In the bowl, Rasavyth shifts. "This. A bronzerider that serves to protect my home and the people of its sweep?" The arch of his brow is not dissimilar in effect to how she looked at him about the lepers. "You don't like dragonmen?" K'zin questions quite directly.

Giving as good as she getting, Farideh has a sarcastic smile for him. "Why would I live at a Weyr if I didn't like dragonmen? I love dragonmen! You fly, you fight Thread, and hey, maybe most of you look great without a shirt on, but that doesn't change the fact that you could have been a great crafter." She ends with a point and a purposeful stare, "Don't be so serious."

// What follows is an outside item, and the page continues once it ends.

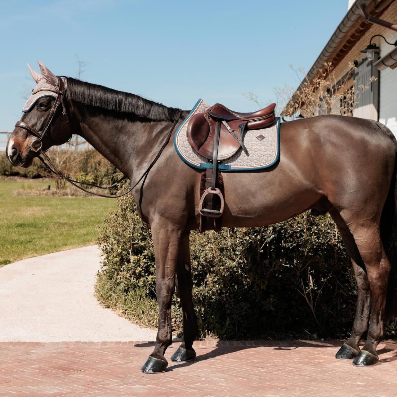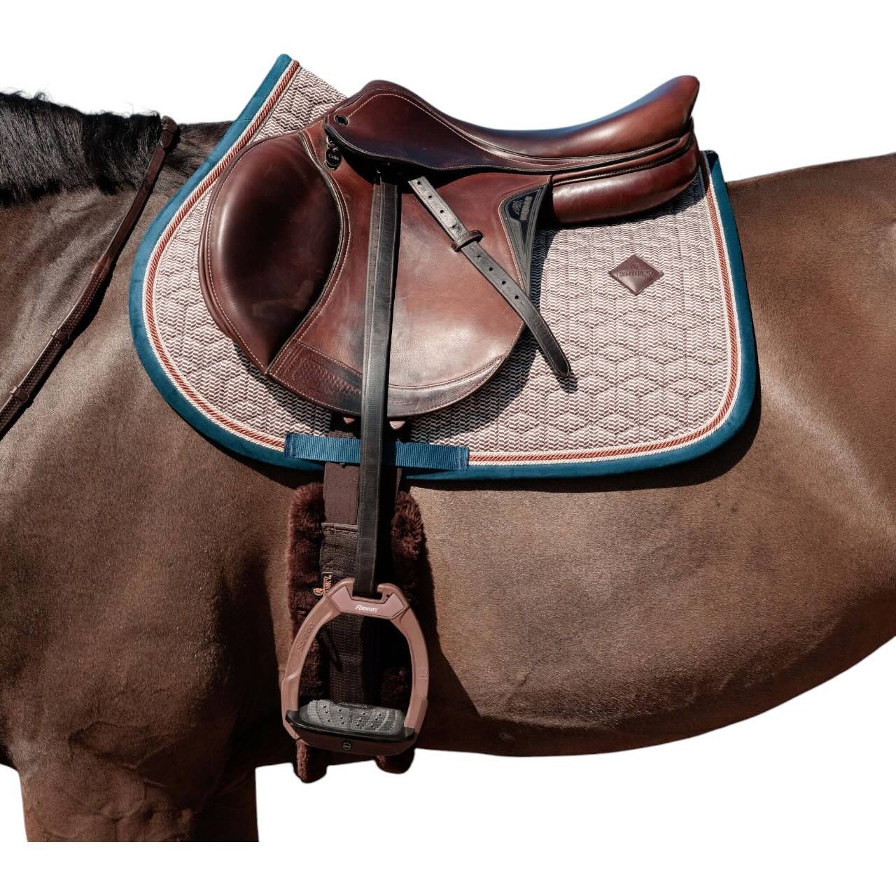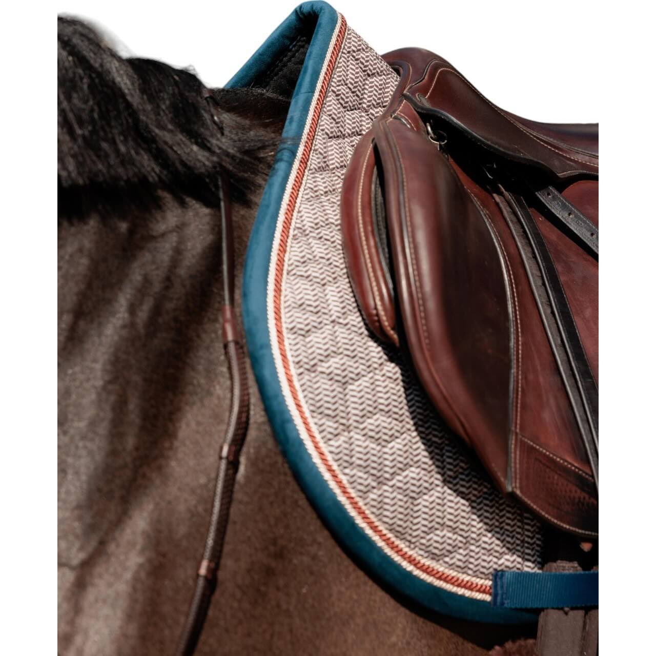 Kentucky Horsewear kombiniert mit der Springschabracke Pied de Poule zeitlosen Stil mit funktionaler Raffinesse. Diese exklusive Schabracke ist mehr als ein optisches Highlight – sie bietet deinem Pferd Komfort auf höchstem Niveau und setzt elegante Akzente im Reitalltag.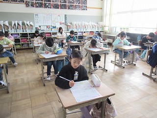 3年1組では、算数の時間テストを行っていました。

"That was going to be my next question," K'zin admits. Hopefully he has more imagination for Smithing than for conversation. But then he's rising, "Sorry to offend you by my chosen occupation." Although really, it seems more likely that he's the one offended here as he tucks his sheaf under his arm. "Enjoy your day, Farideh," he offers with more politeness than can be genuine before turning to head inside.

Narrowed eyes follow his retreat, but, in the end all Farideh does is shrug and make a leisurely exit herself, down the stairs, and towards the lower caverns.